- Born: 18 April 1948 (age 77)
- Education: Tel Aviv University Sackler School of Medicine, Psychiatry at University of Washington (Seattle) and Jerusalem Mental Health Center
- Known for: Anxiety disorders, depression
- Awards: Fogarty International Research Fellowship Award, ECNP Neuropsychopharmacology Award, A. E. Bennet Award for Clinical Research
- Scientific career
- Fields: Psychiatry
- Institutions: Sheba Medical Center, Tel Aviv University

= Joseph Zohar =

Joseph Zohar (יוסף זוהר; born 18 April 1948) is the director of Psychiatry and the Anxiety and Obsessive Compulsive Clinic at the Sheba Medical Center in Tel HaShomer and professor of psychiatry at Tel Aviv University, Israel. He is the founder of the World Council on Anxiety as well as the Israeli Consortium on PTSD. He currently leads the chief installation of the Israeli Defense Force for the treatment of PTSD. He was a longtime member of the executive committee of the European College of Neuropsychopharmacology, of which he is a former president, and chairman of the Expert Platform on Mental Health.

==Career==

===Research focus/interests===
Dr. Zohar heads the Anxiety Clinic at Sheba Medical Center, which specializes in anxiety disorders such as obsessive-compulsive disorder, post-traumatic stress disorder, and social phobias. In addition to a focus on new treatments, the clinic is interested in the brain function imaging of patients with these anxiety disorders.

===Notable contributions to research===
Zohar is an expert on post-traumatic stress disorder and has uncovered the potential of secondary prevention in PTSD. His work explores the promising effects of hydrocortisone treatment when administered after the traumatic event in preventing the development of PTSD.

===Past appointments===
After graduating with his M.D. from Tel Aviv University Sackler School of Medicine, Zohar went on to train in psychiatry at the University of Washington, Seattle, and at the Jerusalem Mental Health Center in Israel. While there, Zohar directed the Resistant Depression Unit.

In 1984, Zohar joined the lab of Dr. Dennis Murphy, at the National Institute of Mental Health in Bethesda, Maryland. He was the acting Director of their Obsessive-Compulsive Clinic.

===Awards===
Dr. Zohar has received numerous awards, including the Fogarty International Research Fellowship Award (1984), the A. E. Bennet Award for Clinical Research (1986), the European College of Neuropsychopharmacology Award for Clinical Research (1998), the World Federation of Societies of Biological Psychiatry Award for Excellence in Education (2001), and he is the co-winner of the A.E. Bennett Award for 2002 for a study on an animal model of PTSD.

===Positions of trust and research assessments===
Zohar was formerly the chairman of the panel for obsessive-compulsive disorders of the American Psychiatric Association Task Force on Treatments of Psychiatric Disorders (1986). In 1992, he established the World Council on Anxiety, known then as the International Council on Anxiety and OCD, and served as its chairman. He is the chair of the Anxiety and Obsessive Compulsive Disorders section of the World Psychiatric Association (WPA).

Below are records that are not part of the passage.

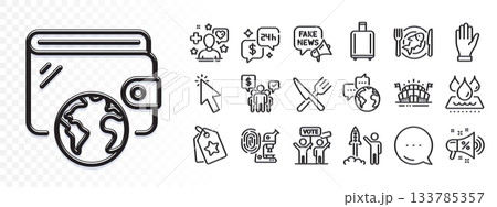 Cursor, Seafood and World communication line icons for web app. Glare of light effect. Message icon. Pack of Fake news, Wallet, Teamwork pictogram icons. Vector
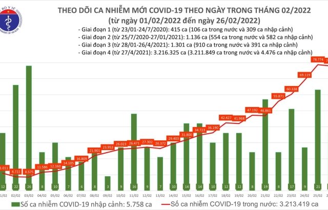 Chiều 26/2, Bộ Y tế công bố thêm 77.982 người mắc COVID-19, Hà Nội đứng đầu cả nước với 10.783 ca.
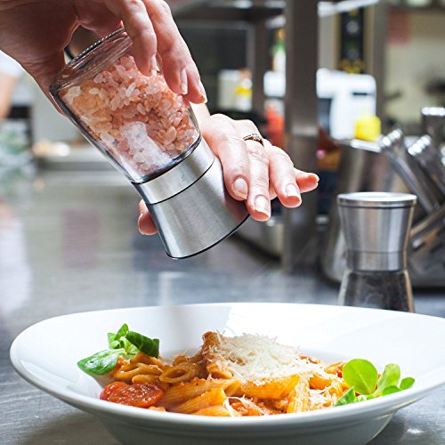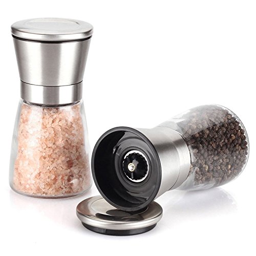 Pepper and Salt Mill Set(2pcs)Brushed Stainless Steel Upper Part with Glass Body with Adjustable Ceramic Grinder-Premium Pair of Salt & Peppercorn Grinders.
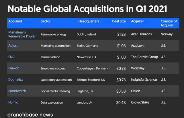 第一季度总部位于柏林的营销自动化公司Adjust被总部位于美国的AppLovin以10亿美元收购,总部位于哥本哈根的求职平台Peakon被总部位于美国的Workday以7亿美元收购。

Since 1995 Zohar has been a member of the executive committee of the ECNP and chairman of the Israel Society for Biological Psychiatry. In 1996 he was nominated as a member of the WHO Expert Advisory Panel on Neuroscience. In 1997 he was elected to the executive committee of the World Federation of Societies of Biological Psychiatry. He is also chairman of the Brussels-based depression and mental health think-tank, the Expert Platform on Mental Health.

Joseph Zohar is on the editorial board of the World Journal of Biological Psychiatry, the CNS Spectrum
and several other journals.

He founded the Israeli consortium on PTSD, is currently the commander of the chief installation of the Israeli Defense Force for treating PTSD, and he is serving as a special advisor to the Ministry of Defense in relation to PTSD.

In 2023, he was named Honorary Member of the European College of Neuropsychopharmacology (ECNP).

==Publications==
He is the author of more than 400 scientific papers and has edited 18 books focusing on refractory depression, obsessive-compulsive disorder, and PTSD.